In a sermon I preached forty years ago, at the Mattins of Christmass Day in the year of my diaconate, I said that the Incarnation meant that God was in the belly of a Palestinian peasant girl who is Queen of Heaven. Critics fell into three categories: those who disliked my phrase because of its physicality and because it placed the origins of our faith among foreigners (surely Mary must have been a middle-class Englishwoman and if not a member of the WI then at least of the Young Wives); those who didn't like the phrase Queen of Heaven; and those who disliked both.
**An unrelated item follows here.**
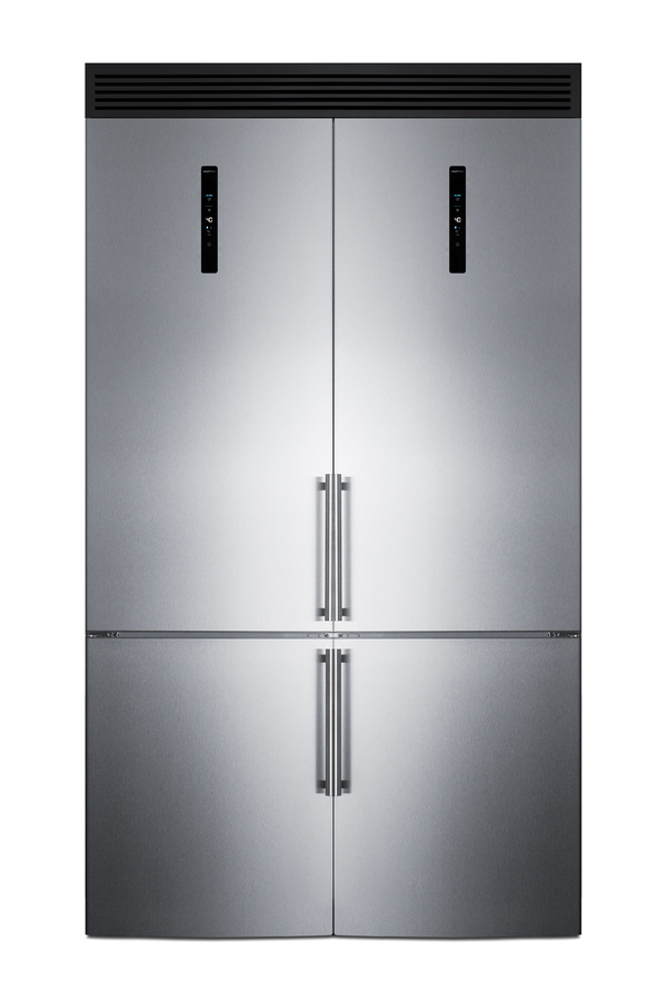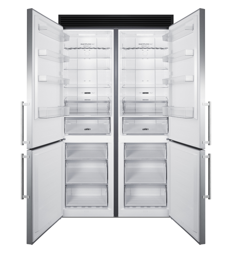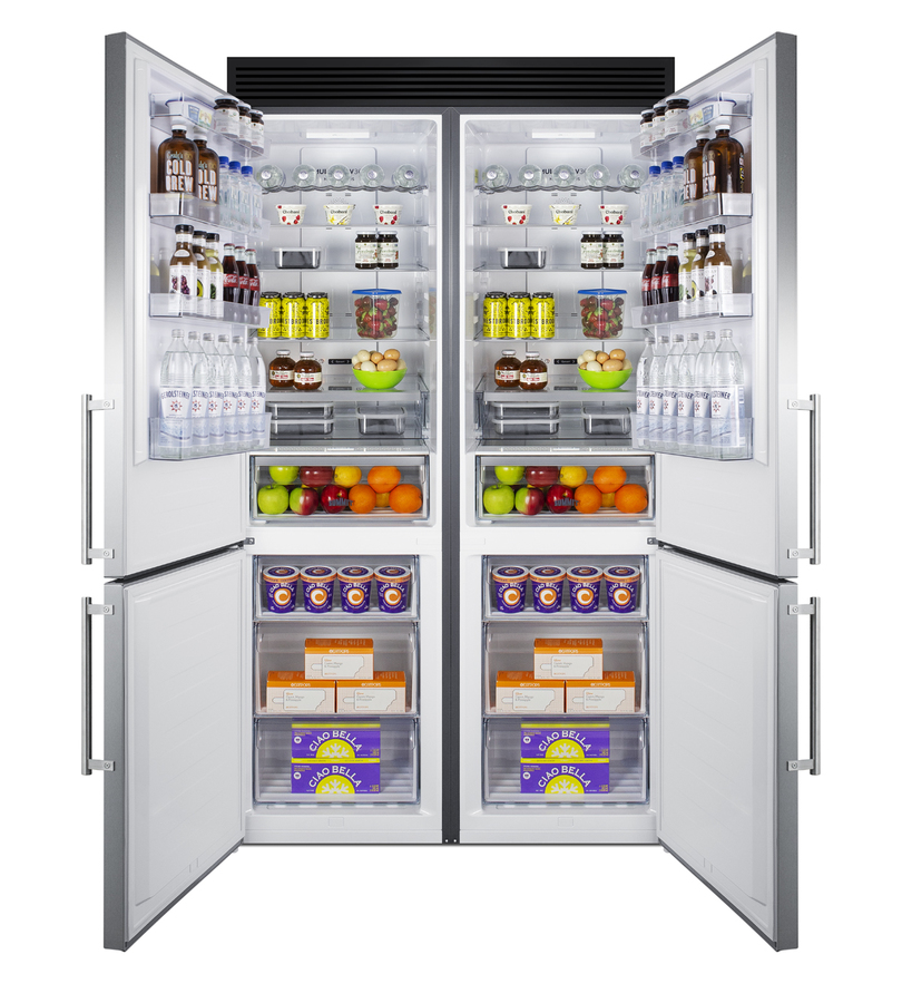 Bring European luxury to small kitchen spaces with Summit's premium counter depth bottom freezer refrigerators, available now to fill traditional 84" H x 48" W kitchen spaces. Model FFBF181ES2KIT48 combines two of our ENERGY STAR certified European bottom freezer refrigerators, both sized under 24" deep for an easy fit in shallow spaced kitchens. We ship one unit with a right hand door swing and the other with a left hand door swing, allowing you to create a French door effect for an efficient use of kitchen space. Both units feature stainless steel doors with a gentle curve and pro style handles to complete the look. We include our GRILL48B, a cosmetic top grill in black powder-coated steel to help fill standard 84" high kitchen openings. The included 6' Y-shaped NEMA 5-15P cord with a 3-prong right angle plug allows users to operate both units from one outlet without added depth. Each unit offers 11.7 cu.ft. of storage capacity to bring the overall interiors to 23.4 cu.ft. The bottom freezers include three slide-out storage drawers with clear plastic fronts, ensuring stored items are protected when the doors are open. The fresh food compartments come fully featured with adjustable glass shelves, scalloped steel bottle racks, removable door storage, large crispers, and a FreshZone deli drawer that can hold colder temperatures for meat or be converted to regular crisper conditions with an easy slide dial. Digital controls ensure easy use for both compartments, with audible temperature and open door alarms to help protect your groceries. This refrigerator is designed with AdaptTech, adaptive intelligent technology that adjusts the cooling to your habits based on the frequency of door openings. Additional features include a fast freeze setting (ideal for loading groceries) and an eco setting. SKU FFBF181ES2KIT48 ships on one pallet with the three pieces (FFBF181ES2, FFBF181ES2LHD, and GRILL48B) individually boxed.

'The Immaculate Conception'. It's a lovely rolling phrase, isn't it (we classicists would analyse its rhythm as the trispondaicus). And it's a phrase, too, that can scare people silly. Is it sometimes the physicality - again, of conception - that disturbs them; conception, a process that occurs a little way south of the tummy button? Not the sort of thing the fastidious want to have dragged in front of their noses. C S Lewis points out that the devils too are fastidious in their horror at the flesh: Screwtape refers to a human as 'this animal, this thing begotten in a bed'. Or perhaps people are scared of the word 'Immaculate'; perhaps it suggests foreign religion - little old Irish women clutching their rosaries or Spanish ladies in black making their nine successive First Saturday communions in honour of the Immaculate Heart (a devotion which Cardinal Ratzinger with gentle irony once called 'surprising for people from the Anglo-Saxon and German cultural worlds'). But 'immaculate' is a completely biblical concept in its Hebrew and Greek equivalents: it means spotless; and only what is without blemish is truly for God (for example, a spotless sacrificial lamb). Because Mary is to be wholly for God, is to give God his body, to give God his endowment of genes, give God the food of her breast: so Mary by God's gift is to be the Immaculate, the one without blemish, the one in whom the Divine likeness has never been marred.

It is because Mary alone in the roots of her being is unmarked by sin that Mary alone is truly and wholly free. In our hearts, too, we should make her free and 'fear not'; she is never to be locked up in the tourist industry as a statue of doubtful taste carried in processions by foreign peasants for the English to photograph from within their coaches; Mary is not to be locked up by the Heritage business in a Merry England; she is not to be the Madonna of the Art Historians imprisoned in coffee table books.

If Mary is the Mother of God Incarnate, she is our Mother too, because we are in Christ, limbs of his body by our baptismal incorporation. Mary comes to us tonight, and what would a mother bring us her children except food; food for her children in exilio; food packed for our journey. Mary comes to this place and to this moment of time; Mary comes, bright with all the beauties known by men and angels; Mary comes to set upon our lips the blessed fruit of her womb Jesus.